Biologie an der CUHK ist ganz anders strukturiert als an der UZH. So gibt es nicht nur Biologie, sondern auch Molekulare Biotechnologie, Zellulaere und Molekulare Biologie, Biochemie etc. Damit ich ueberhaupt eine Chance hatte meine Stundenplan zu fuellen, kombiniert mit der Regel, dass sich Kurse nicht ueberschneiden duerfen, musste ich aus sehr vielen verschienden Bachlelorstudiengaengen Faecher belegen. Dies ist normal, auch die lokalen Studenten nehmen gerne Module von anderen Faechern. 

Die Kurse werden so benotet dass man in der Regel problemlos besteht (ungleich zur UZH). In der Regel relativ zu anderen Studenten benotet wird (curved grading), sodass beispielsweise nur die besten 5% (aus einer Klasse von 20 ist das einer) eine A+ erhaelt. 

Die Kantinen sind oftmals sehr gewoehnungsbeduerftig. Dafuer sind die Preise unschlagbar. 

Leben/Freizeit

Das Leben ist guenstiger als in der Schweiz, vor allem weil Essen viel billiger ist. Als Student kann man quasi gratis das Bussystem und Metros in Hong Kong verwenden. Taxis sind ebenfalls sehr billig, die Rechnung ist eigentlich nie ueber 25CHF. 

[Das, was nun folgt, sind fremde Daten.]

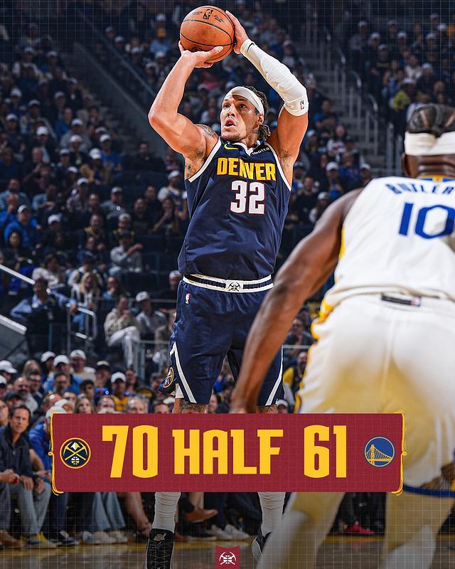 北京时间10月24日,NBA常规赛继续展开,勇士主场对阵掘金。本场比赛勇士上来率先进入状态,取得10-0开局,可掘金立马回敬一波12-0攻势,之后也是占据场上主动,勇士也能咬住;可在第二节掘金进攻势头火热,戈登外线接连命中三分,一度取得14分领先,最后勇士连续追分,半场打完61-70落后掘金。

Hong Kong besteht nicht nur aus Hochhaeusern. Es gibt erstaunlich schoene Straende, wunderschoene Wanderrouten, auf denen man komplett vergisst dass man in Hong Kong ist. 

Hong Kong hat einen riesigen Flughafen und Fluege sind in der Regel sehr billig. So kommt man problemlos fuer 100Euro auf die Philippinen, nach Shanghai oder Bangkok. Freizeit ist in Hong Kong eigentlich nie genug vorhanden, weil es einfach viel zu viel zu tun gibt.